§ **What to do**
The printed result should hold only the lines from the opening of the data through the line bearing "Väggklocka - Klocka", exactly as given and without pictures.

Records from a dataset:
============

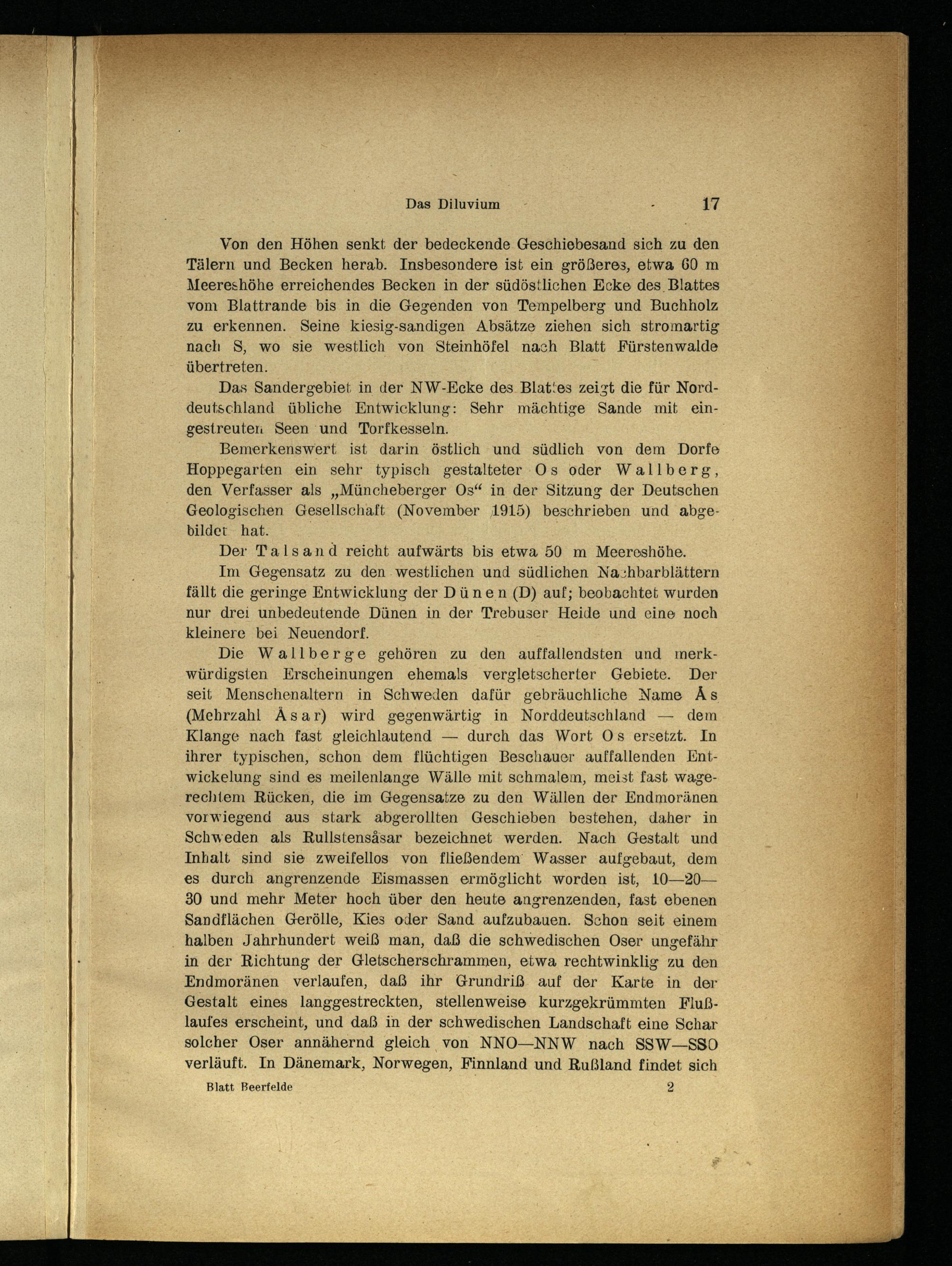 Bemerkenswert ist darin östlich und südlich von dem Dorfe Hoppegarten ein sehr typisch gestalteter Os oder Wallberg, den Verfasser als„Müncheberger Os“ in der Sitzung der Deutschen Geologischen Gesellschaft(November 1915) beschrieben und abgebildet hat.
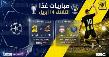 تترقب الجماهير الرياضية في المملكة العربية السعودية وحول العالم انطلاق صافرة البداية لمجموعة من اللقاءات الحاسمة في مختلف البطولات القارية والمحلية المقرر إقامتها غدًا الثلاثاء 14 أبريل 2026 (الموافق 26 شوال 1447 هـ)، وتتصدر مواجهة نادي الاتحاد السعودي والوحدة الإماراتي المشهد الآسيوي، بينما تشتعل المنافسة الأوروبية بلقاءات “تكسير العظام” في دوري الأبطال.
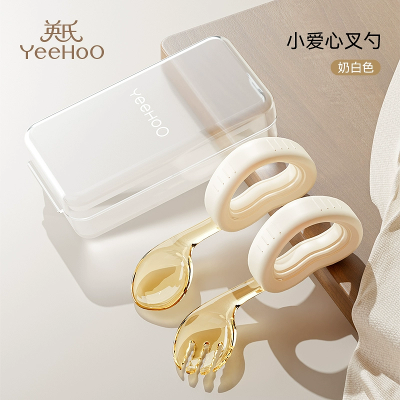 Ying’s baby eats complementary food spoons for one year old learning to eat and train children’s PPSU tableware elbow fork spoons
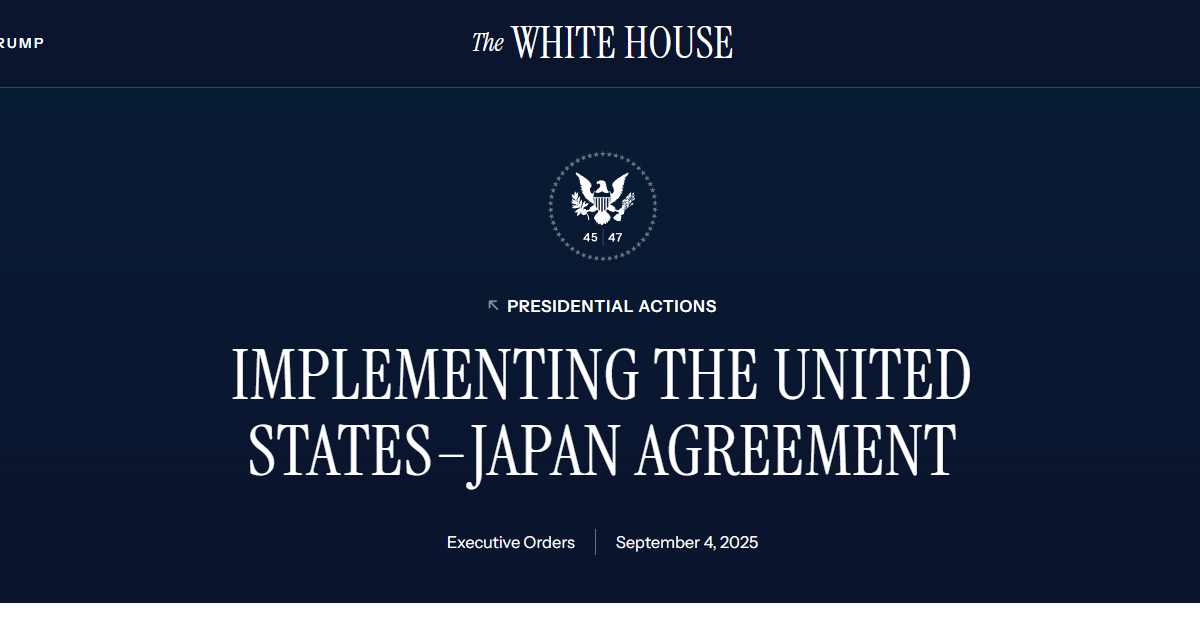 第4条:自動車及び自動車部品 (a) 本条 (b) 項に規定する連邦官報公告の公示日をもって、2025年3月26日付大統領令第10908号 (米国への自動車及び自動車部品の輸入調整)に基づき日本製品に課される追加第232条従価税に代わり、改正後の大統領令10908号に基づき関税の対象となる日本製品の自動車又は自動車部品に適用される追加従価税率は、当該製品の欄1関税率によって決定される。 第1欄の関税率が15%未満の日本製品については、当該製品の第1欄の関税率と、本命令に基づく自動車または自動車部品に対するセクション232の追加従価関税率の合計は15%とする。 第1欄の関税率が15%以上である日本製品の追加自動車または自動車部品セクション232従価税率は、ゼロパーセントとする。
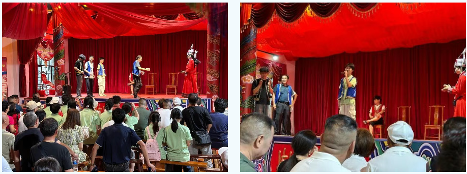 在舞台下观看的其他实践团成员们,也被这独特的婚俗仪式深深吸引。他们目不转睛地盯着舞台,不时发出惊叹声和掌声,为新人和伴郎的精彩表现喝彩。他们通过手机和相机记录下这难忘的瞬间,希望通过这些照片和视频,让更多的人了解畲族婚俗文化的独特魅力。
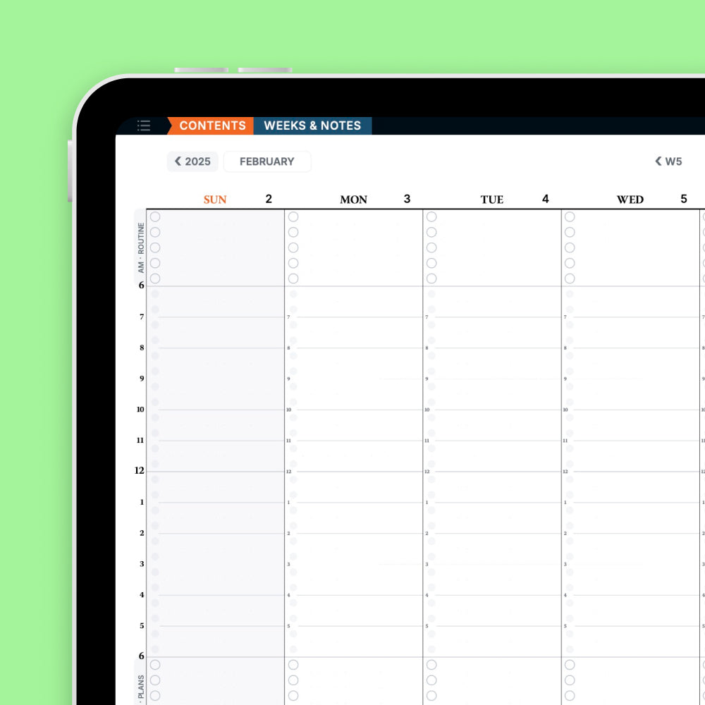 Navigate effortlessly across all areas of the Digital Planner from the easy-to-use Contents Page and Border menu with a simple tap on the buttons along the top and right sides of the planner.
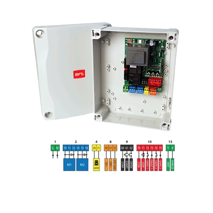 Sistema de programación accesible mediante DIP switch y TRIMMER sin necesidad de equipos especiales. Configuración rápida de parámetros y funciones. Entradas de mando para inicio y apertura, salida para luz intermitente.
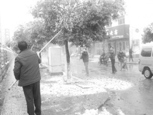 菩萨保佑:12日晚8点左右,我在中州路上的万果园买东西,看到市政的清扫车正在清理刮倒的树枝,也不知道他们工作到几点。
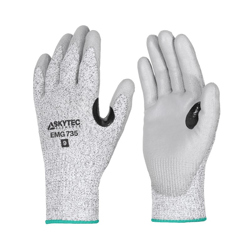 Gant de travail anti-coupure avec revêtement en polyuréthane. Renfort entre le pouce et l’index. Dos ventilé. Couleur : gris.
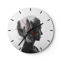 Väggklocka - Klocka på glas - Kvinnaprofil med ett växtmotiv i bakgrunden - 30x30cm - Furuskogens härskarinna - Modern väggdekoration för vardagsrum, kök och sovrum ARTTOR
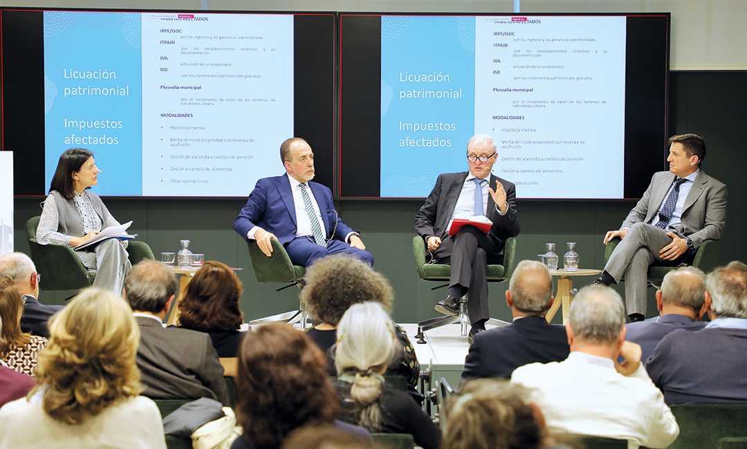Desde el punto de vista fiscal, Carlos Colomer explicó que la licuación patrimonial engloba «un conjunto de operaciones que permiten obtener liquidez manteniendo la vivienda y sin necesidad de abandonarla”, pero alertó de la elevada carga impositiva que debe soportar el inmueble en estas circunstancias. En cuanto a las figuras más habituales, destacó que la hipoteca inversa es la mejor tratada fiscalmente, aunque su escaso uso contrasta con el mayor éxito de la venta con reserva de usufructo, o la cesión de vivienda a cambio de alimentos.
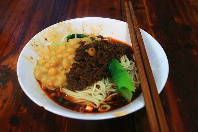 《舌尖》里说,重庆人的一天是从一碗小面开始的。所以第一天特意勤快了点,在青旅附近一家小店吃了小面。我点的豌杂面,是小面中很受欢迎的一种。一般来说,豌杂面多为干溜(不加汤),但我个人爱吃加一点点汤的豌杂。
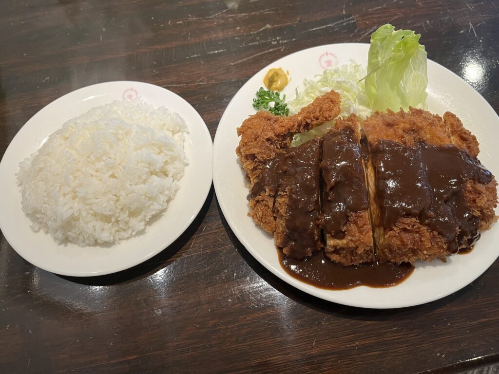 それが……チキンカツがテーブルにきた瞬間驚きました。想像していた3倍くらい大きいです!ちなみにチキンカツは、オムライスのようにサイズは選べません。
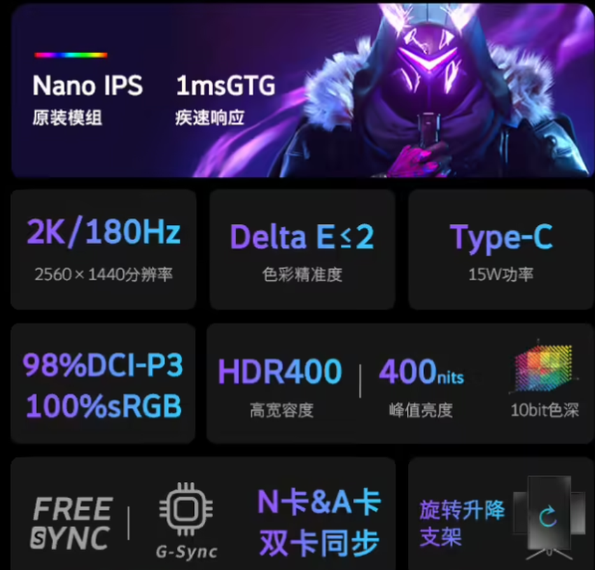 De noviteit heeft de naam Skyworth F27G51Q Pro gekregen. Het apparaat is uitgerust met een 27-inch NanoIPS-paneel met een resolutie van 2560×1440p, een verversingssnelheid van 180 Hz en een responstijd van 1 ms. Volgens de fabrikant ondersteunt de nieuwigheid AMD FreeSync- en NVIDIA G-Sync-technologieën. De monitor heeft ook een helderheid van 400 nits, 100% dekking van sRGB en 98% DCI-P3. Van de poorten in de nieuwigheid heeft HDMI 2.0, DisplayPort 1.4, 3,5mm, evenals USB-C met de mogelijkheid om andere apparaten op te laden met maximaal 15W.
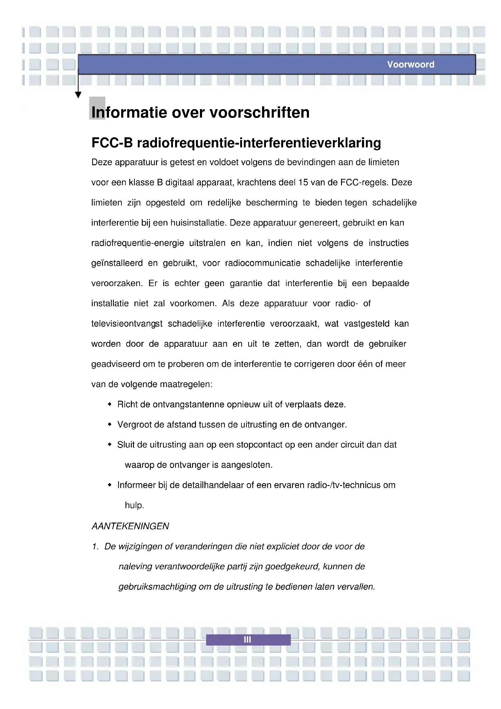 Deze apparatuur is getest en voldoet volgens de bevindingen aan de limieten voor een klasse B digitaal apparaat, krachtens deel 15 van de FCC-regels. Deze limieten zijn opgesteld om redelijke bescherming te bieden tegen schadelijke interferentie bij een huisinstallatie. Deze apparatuur genereert, gebruikt en kan radiofrequentie-energie uitstralen en kan, indien niet volgens de instructies geïnstalleerd en gebruikt, voor radiocommunicatie schadelijke interferentie veroorzaken. Er is echter geen garantie dat interferentie bij een bepaalde installatie niet zal voorkomen. Als deze apparatuur voor radio- of televisieontvangst schadelijke interferentie veroorzaakt, wat vastgesteld kan worden door de apparatuur aan en uit te zetten, dan wordt de gebruiker geadviseerd om te proberen om de interferentie te corrigeren door één of meer van de volgende maatregelen:
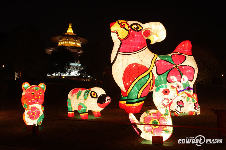 鳳翔的彩繪泥塑十二生肖被制成了花燈,泥塑彩羊則是當仁不讓的主角。

============

§ **Your solution**
 Bemerkenswert ist darin östlich und südlich von dem Dorfe Hoppegarten ein sehr typisch gestalteter Os oder Wallberg, den Verfasser als„Müncheberger Os“ in der Sitzung der Deutschen Geologischen Gesellschaft(November 1915) beschrieben und abgebildet hat.
 تترقب الجماهير الرياضية في المملكة العربية السعودية وحول العالم انطلاق صافرة البداية لمجموعة من اللقاءات الحاسمة في مختلف البطولات القارية والمحلية المقرر إقامتها غدًا الثلاثاء 14 أبريل 2026 (الموافق 26 شوال 1447 هـ)، وتتصدر مواجهة نادي الاتحاد السعودي والوحدة الإماراتي المشهد الآسيوي، بينما تشتعل المنافسة الأوروبية بلقاءات “تكسير العظام” في دوري الأبطال.
 Ying’s baby eats complementary food spoons for one year old learning to eat and train children’s PPSU tableware elbow fork spoons
 第4条:自動車及び自動車部品 (a) 本条 (b) 項に規定する連邦官報公告の公示日をもって、2025年3月26日付大統領令第10908号 (米国への自動車及び自動車部品の輸入調整)に基づき日本製品に課される追加第232条従価税に代わり、改正後の大統領令10908号に基づき関税の対象となる日本製品の自動車又は自動車部品に適用される追加従価税率は、当該製品の欄1関税率によって決定される。 第1欄の関税率が15%未満の日本製品については、当該製品の第1欄の関税率と、本命令に基づく自動車または自動車部品に対するセクション232の追加従価関税率の合計は15%とする。 第1欄の関税率が15%以上である日本製品の追加自動車または自動車部品セクション232従価税率は、ゼロパーセントとする。
 在舞台下观看的其他实践团成员们,也被这独特的婚俗仪式深深吸引。他们目不转睛地盯着舞台,不时发出惊叹声和掌声,为新人和伴郎的精彩表现喝彩。他们通过手机和相机记录下这难忘的瞬间,希望通过这些照片和视频,让更多的人了解畲族婚俗文化的独特魅力。
 Navigate effortlessly across all areas of the Digital Planner from the easy-to-use Contents Page and Border menu with a simple tap on the buttons along the top and right sides of the planner.
 Sistema de programación accesible mediante DIP switch y TRIMMER sin necesidad de equipos especiales. Configuración rápida de parámetros y funciones. Entradas de mando para inicio y apertura, salida para luz intermitente.
 菩萨保佑:12日晚8点左右,我在中州路上的万果园买东西,看到市政的清扫车正在清理刮倒的树枝,也不知道他们工作到几点。
 Gant de travail anti-coupure avec revêtement en polyuréthane. Renfort entre le pouce et l’index. Dos ventilé. Couleur : gris.
 Väggklocka - Klocka på glas - Kvinnaprofil med ett växtmotiv i bakgrunden - 30x30cm - Furuskogens härskarinna - Modern väggdekoration för vardagsrum, kök och sovrum ARTTOR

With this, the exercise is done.